- Born: April 15, 1919 Brooklyn, New York, USA
- Died: December 14, 2007 (aged 88) Kendall, Florida
- Resting place: Mount Nebo Cemetery, West Miami, Florida
- Education: Degree in Biology
- Alma mater: University of Miami
- Occupation(s): Boxing historian, writer
- Years active: 1950s – 2007
- Spouse: Sylvia Kaplan
- Children: Barbara Kaplan Haar Dr. Steven Kaplan

= Hank Kaplan =

American boxing historian (1920–2007)

Hank Kaplan (April 15, 1920 - December 14, 2007) was an American boxing historian and writer. Always wearing one of many of his prized boxing baseball caps, and smoking a pipe, he is widely regarded as the nation's foremost boxing historian, and was known and respected worldwide. Kaplan was known to possess the largest collection of boxing memorabilia, consisting of millions of pieces including newspaper articles, books, and photographs, stemming back from the 19th century. His expertise in boxing history helped him earn the nickname "Lord of the Ring."
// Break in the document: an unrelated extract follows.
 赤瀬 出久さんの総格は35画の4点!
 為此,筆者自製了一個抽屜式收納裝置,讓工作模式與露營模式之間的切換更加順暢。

==Childhood and family life==
Kaplan was born in Brooklyn, New York, to Jewish immigrant parents from Lithuania. He had three siblings. His father died of tuberculosis, when Kaplan was only 9 years of age, leaving his mother to raise four children on her own. His mother struggled to make ends meet as a seamstress, but was forced to place the children in an orphanage at a young age. Hank Kaplan spent much of his early years growing up in the Hebrew Orphan Asylum of New York (HOA), also known as the Academy. He was an active member of HOA and participated in annual events throughout his entire lifetime. Kaplan and his siblings later moved back with their mother during his early teenage years, and she supported the children by working as a seamstress. She owned a business designing and sewing wedding gowns.
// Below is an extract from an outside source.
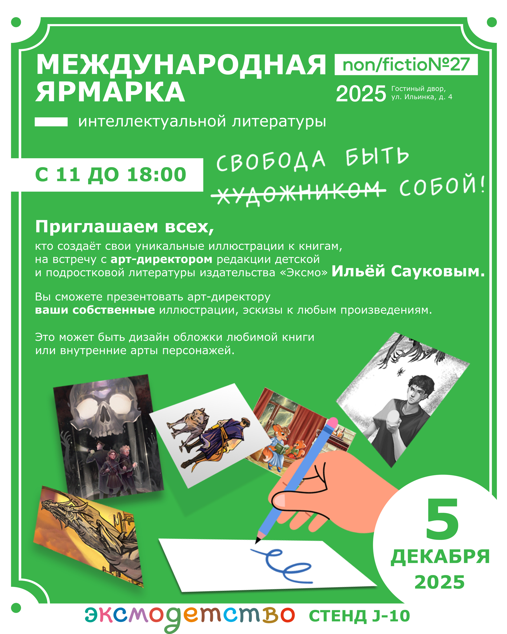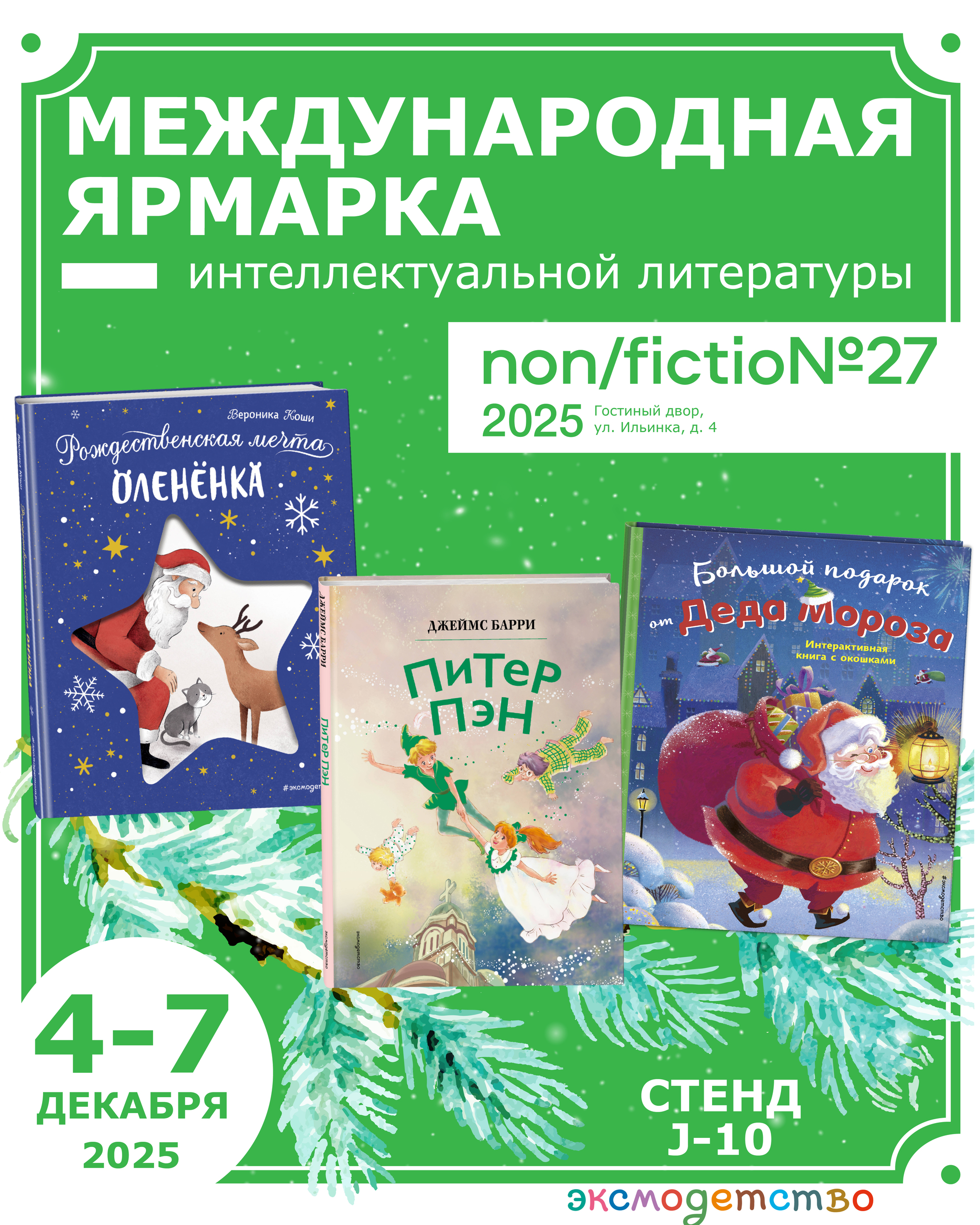 Встретьте его с 4 по 7 декабря в Гостином Дворе на ярмарке non/fiction. Творческие встречи, автограф-сессии, лучшие книги и атмосфера праздника — ваш рецепт идеального декабря. Издательства «Эксмодетство» и «Freedom» традиционно подготовили насыщенную программу и книжные новинки.

Kaplan became interested in boxing beginning from his early years in Brooklyn, after he suffered a bloody nose in his childhood from a fight with another smaller child at Camp Wakitan in upstate New York. He had his first and only professional boxing fight as an adolescent in Bridgeport, Connecticut in the early 1940s, which he won.

==Military career==
Kaplan joined the U.S. Coast Guard in his early 20s, and served during World War II, as he wanted to follow in the footsteps of his idol at the time, Jack Dempsey. He spent time in the Coast Guard disinfecting ships, after learning skills about chemical warfare and how to prevent the spread of contamination. He was later assigned to work for the U.S. Department of Public Health. He attended the University of Miami at night, while he continued to work during the day, inspecting ships for any signs of infectious contamination. Following this, he worked for the Centers for Disease Control and Prevention, where he, along with 4 other scientists, went to Indonesia where they spent nine weeks in attempt to battle a severe outbreak of Bubonic Plague. Kaplan worked for the CDC until retirement, at age 55.

==Career==
Kaplan moved to Miami as a young adolescent, where he married his first wife. They had two children, twins, but divorced shortly after. His interest in boxing grew while living in Miami. He spent many hours at the Fifth Street Gym in Miami Beach, where he first met Cassius Clay (later to be known as Muhammad Ali). Kaplan spent many hours at the Fifth Street Gym, with many of boxing's greatest legends from the 1950s. It was here that he met the Dundee brothers, Chris and Angelo. Kaplan later became the publicist for the Dundee brothers' fighters, who included Muhammad Ali. For a short period of time, he co-promoted fights with Ramiro Ortiz, however, his passion for boxing history took over his love for promoting.

Kaplan was the founder and editor of Boxing Digest and served as a boxing consultant to various media outlets for many years, including ESPN, HBO and Showtime. He also wrote for The Ring magazine. He received the James J. Walker Award for long and meritorious service to boxing from the Boxing Writers Association of America in 2002. In 2006 he was elected to the International Boxing Hall of Fame. Many professional boxers had wished to nominate Kaplan for the Hall of Fame for years on end, however, since Hank served on the Hall of Fame Nominating Committee, they were unable to nominate him. As was typical, anyone who was worthy of a nomination would typically voluntarily step down from the Nominating Committee in order to accept the nomination. Kaplan, however, refused to do so for years, stating he wanted to see others nominated before him. After much pressure, Kaplan agreed and was inducted in 2006 into the International Boxing Hall of Fame.

==Legacy==
Kaplan married Sylvia in Florida, whom he was married to for 56 years, until her death. They had two children together. His wife was known to invite many boxers into their home, often cooking for them and assisting them with any needs. He never sold any of his pieces of boxing history, despite their monetary value. He was quoted as saying "None of this is for my own glory. I have no dreams of great rewards. My love of boxing comes first." Upon his death, he donated his entire boxing archives to Brooklyn College in New York.

Kaplan died on the morning of December 14, 2007 at his home in Kendall, Florida, after a brief battle with cancer. He was survived by two daughters and a son, his brother, his sister, and four grandchildren.